### INPUT:
>>>

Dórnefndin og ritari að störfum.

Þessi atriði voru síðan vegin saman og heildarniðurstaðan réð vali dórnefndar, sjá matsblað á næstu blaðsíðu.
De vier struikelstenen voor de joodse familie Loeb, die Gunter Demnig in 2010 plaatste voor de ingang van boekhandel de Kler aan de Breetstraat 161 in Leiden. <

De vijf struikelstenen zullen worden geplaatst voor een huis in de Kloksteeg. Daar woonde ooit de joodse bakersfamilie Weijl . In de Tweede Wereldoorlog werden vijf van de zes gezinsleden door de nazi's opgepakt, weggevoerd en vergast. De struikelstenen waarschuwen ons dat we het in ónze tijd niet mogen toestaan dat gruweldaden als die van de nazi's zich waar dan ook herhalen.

<<<
>>>

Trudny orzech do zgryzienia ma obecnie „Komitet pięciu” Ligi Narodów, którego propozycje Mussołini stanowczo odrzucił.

<<<

### WHAT YOU SHOULD DO:
Search the material above for the string "joodse". Show every line that holds it.

### ANSWER BELOW:
De vier struikelstenen voor de joodse familie Loeb, die Gunter Demnig in 2010 plaatste voor de ingang van boekhandel de Kler aan de Breetstraat 161 in Leiden. <
De vijf struikelstenen zullen worden geplaatst voor een huis in de Kloksteeg. Daar woonde ooit de joodse bakersfamilie Weijl . In de Tweede Wereldoorlog werden vijf van de zes gezinsleden door de nazi's opgepakt, weggevoerd en vergast. De struikelstenen waarschuwen ons dat we het in ónze tijd niet mogen toestaan dat gruweldaden als die van de nazi's zich waar dan ook herhalen.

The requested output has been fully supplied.